Predicting earth's phenomena is all about finding the right tools for the job. Scientists studying the movement of the San Andreas Fault—the 800-mile-long boundary where the North American Plate grinds against the Pacific Plate—may not yet be able to tell us when to expect a big California earthquake, but they are now able to rake in enough data to estimate where.
Yuri Fialko, an associate professor at the Institute of Geophysics and Planetary Physics at the University of California San Diego, uses a combination of data from satellites (GPS and microwave radar) to pinpoint to the millimeter the movement of tectonic plates.
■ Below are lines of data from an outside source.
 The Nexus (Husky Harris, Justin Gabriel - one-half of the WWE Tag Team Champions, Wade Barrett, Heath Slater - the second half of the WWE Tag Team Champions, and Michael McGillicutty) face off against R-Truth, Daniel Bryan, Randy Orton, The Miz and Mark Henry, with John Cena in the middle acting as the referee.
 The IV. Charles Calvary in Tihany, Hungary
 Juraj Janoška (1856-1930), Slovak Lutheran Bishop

It's called Interferometric Synthetic Aperture Radar (InSAR), a technology whose efficacy in studying seismic movement was proven in the early 1990s.
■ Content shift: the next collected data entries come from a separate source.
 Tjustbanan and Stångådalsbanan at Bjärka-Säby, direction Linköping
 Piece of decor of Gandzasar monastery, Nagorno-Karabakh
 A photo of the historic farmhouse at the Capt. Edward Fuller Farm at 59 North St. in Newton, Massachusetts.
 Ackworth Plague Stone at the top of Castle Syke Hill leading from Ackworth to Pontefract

How it works: A satellite sends a microwave pulse toward the Earth's surface, and then records the radar "echo." From that, computers create a digital terrain map that spans hundreds of square miles, with a resolution of about two meters. For the past decade, a satellite has passed over the San Andreas area roughly once a month, giving Fialko a wealth of data on the shifts of the fault. He has learned, for example, that the southern portion of the fault is moving about 25 millimeters per year and showing a record amount of elastic strain. This strain is released by earthquakes—the greater the elastic stress on the plates, the greater the earthquake required to release it. Since the southern San Andreas, which runs from the Salton Sea to the San Bernardino Mountains, has not had an earthquake in over 300 years, Fialko believes a big one could be on the way. The question, of course, is when.
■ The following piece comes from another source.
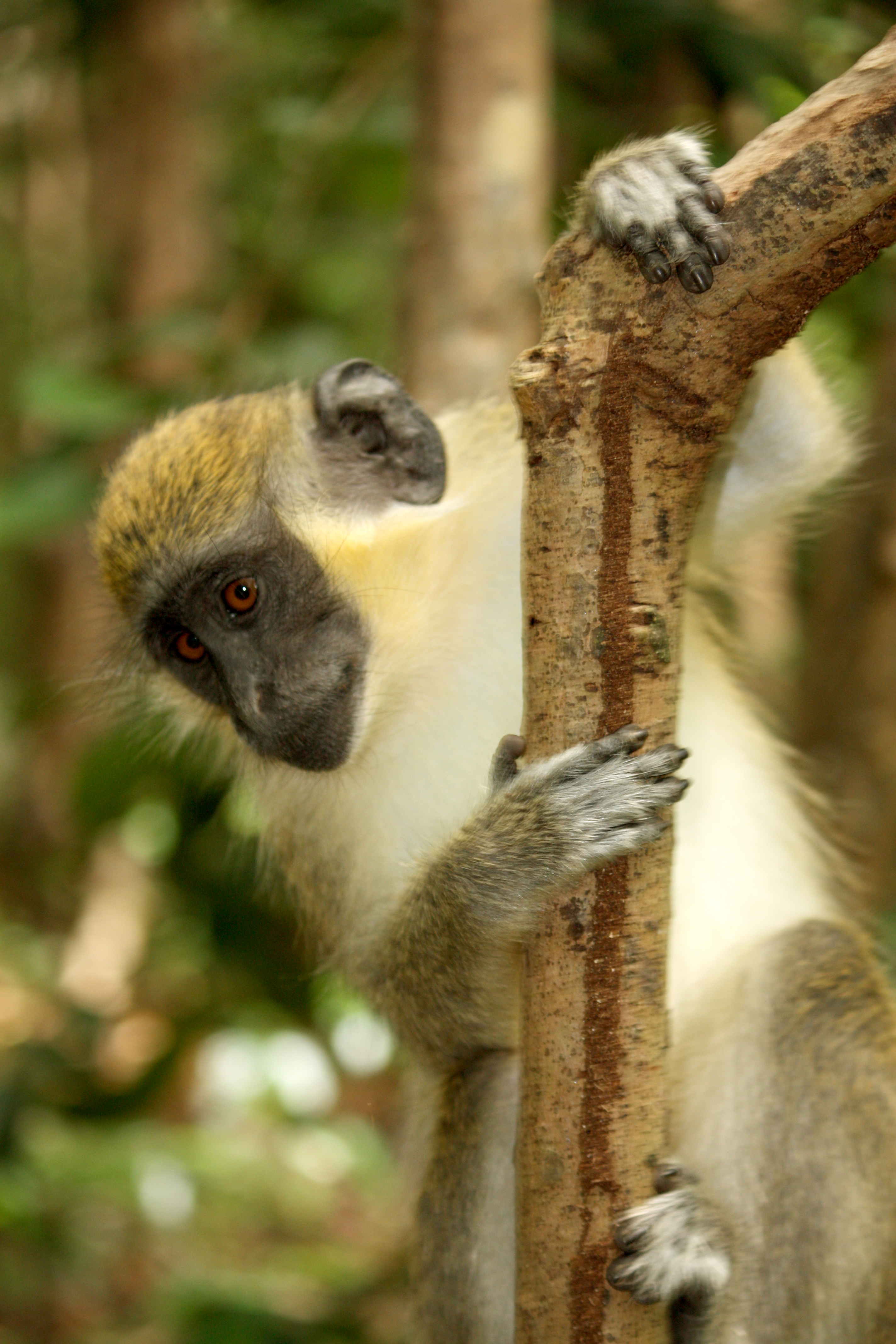 Green Monkey (Chlorocebus sabaeus). Grenade Hall Forest, Barbados.

"Using interferometry, we're able to get an idea of the likely location and strength of an earthquake," says Fialko, "but the repeat frequency of a large quake can vary widely." Still, with four InSAR-equipped satellites currently orbiting the Earth, and NASA looking into launching one of its own, Fialko could someday have enough data to make long-term predictions possible. "We're now closer to understanding the timing of seismic events than we've ever been," he says.